Problem to work on »
With pictures left out, write out exactly every line from the start of the data through the one that contains "Lampan är det".

Dataset excerpt »
##########

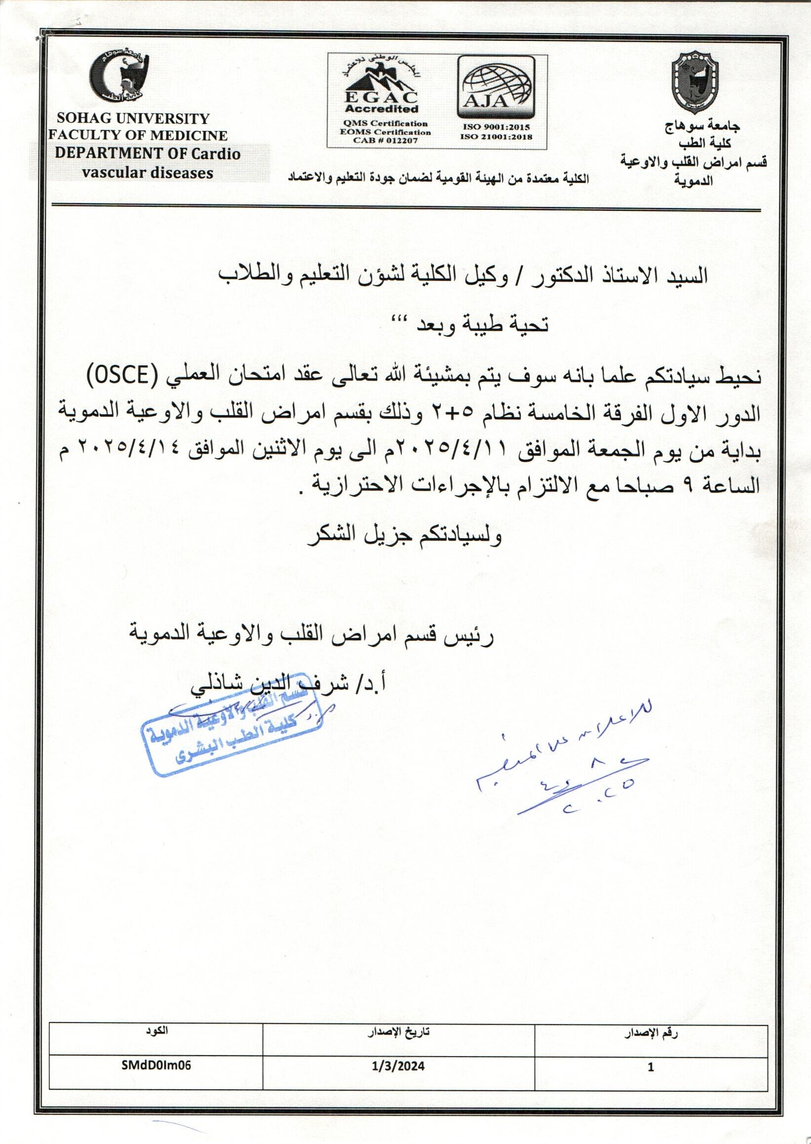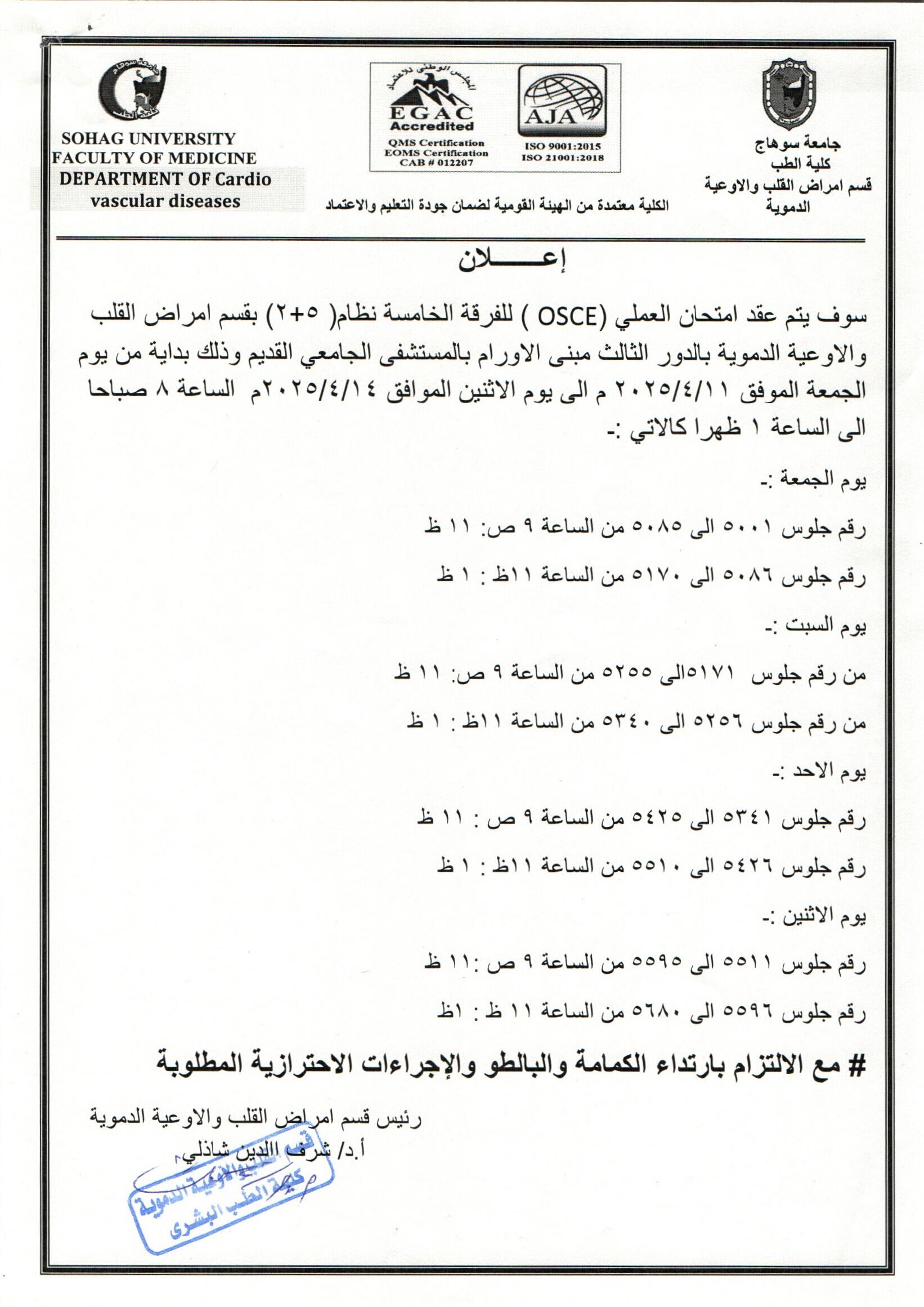 الرئيسية » Blog » موعد امتحان OSCE امراض القلب والاوعية الدموية 2024/2025موعد امتحان OSCE امراض القلب والاوعية الدموية 2024/2025by كلية الطب2025-04-08
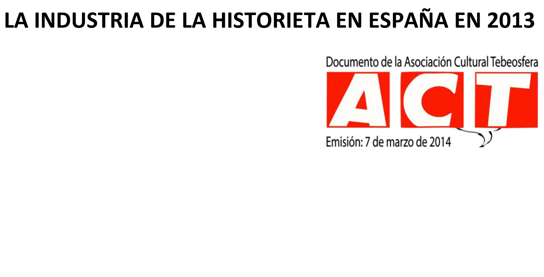 Tebeosfera ha hecho público un completísimo informe titulado La industria de la historieta en España en 2013 que traza una precisa radiografía del sector del cómic en nuestro país. Y los datos de la asociación cultural, a pesar de la situación de crisis general que vive España y las inalterables dificultades del sector editorial, son moderamente optimistas. Con respecto a 2012 ha aumentado el número de publicaciones en todos los ámbitos. Los tebeos comerciales e institucionales han pasado de 2.233 a 2.277; las publicaciones con historietas, de 81 a 95; las antologías satíricas, de 24 a 28; y los fanzines, de 25 a 53. «El número de tebeos que vieron la luz en 2013 se mantuvo a un nivel parecido al de otros años, al menos desde que el mercado se estabilizó (a partir de 2009) en el intervalo 2.350 a 2.400 lanzamientos por año», explica el informe.
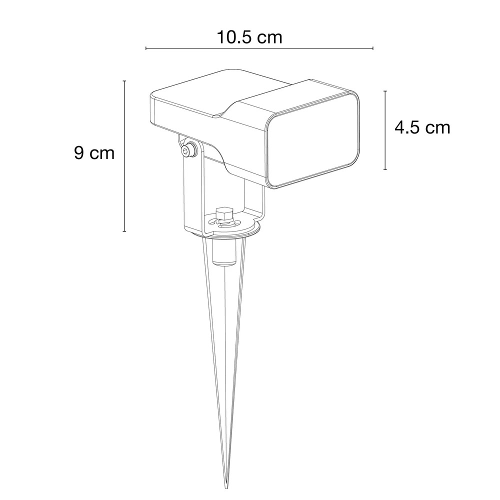 Lampan är det perfekta valet för belysning av bredare objekt såsom tex ett rhododendronbuskage eller mindre träd med bred krona. Den passar även utmärkt längs häckar, murar och fasader.
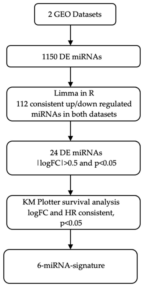 DE miRNAs between responders and non-responders in the two datasets were identified using the Limma package (version 3.44.3) in R software (version 3.11) [12] (https://bioconductor.org/packages/release/bioc/html/limma.html (accessed on 15 October 2020), which is designed for statistical computing and visualization. The Benjamini–Hochberg false discovery rate method was used to obtain adjusted p-values and to correct the occurrence of false positives. Adjusted p-values < 0.05 and |log fold change (logFC)| values ≥ 0.5 were set as the threshold for identifying DE miRNAs among the two datasets. Only miRNAs showing consistent upregulation or downregulation across both datasets and had |logFC|≥ 0.5 were classified as DE between responders and non-responders.

##########

Solution below »
 الرئيسية » Blog » موعد امتحان OSCE امراض القلب والاوعية الدموية 2024/2025موعد امتحان OSCE امراض القلب والاوعية الدموية 2024/2025by كلية الطب2025-04-08
 Tebeosfera ha hecho público un completísimo informe titulado La industria de la historieta en España en 2013 que traza una precisa radiografía del sector del cómic en nuestro país. Y los datos de la asociación cultural, a pesar de la situación de crisis general que vive España y las inalterables dificultades del sector editorial, son moderamente optimistas. Con respecto a 2012 ha aumentado el número de publicaciones en todos los ámbitos. Los tebeos comerciales e institucionales han pasado de 2.233 a 2.277; las publicaciones con historietas, de 81 a 95; las antologías satíricas, de 24 a 28; y los fanzines, de 25 a 53. «El número de tebeos que vieron la luz en 2013 se mantuvo a un nivel parecido al de otros años, al menos desde que el mercado se estabilizó (a partir de 2009) en el intervalo 2.350 a 2.400 lanzamientos por año», explica el informe.
 Lampan är det perfekta valet för belysning av bredare objekt såsom tex ett rhododendronbuskage eller mindre träd med bred krona. Den passar även utmärkt längs häckar, murar och fasader.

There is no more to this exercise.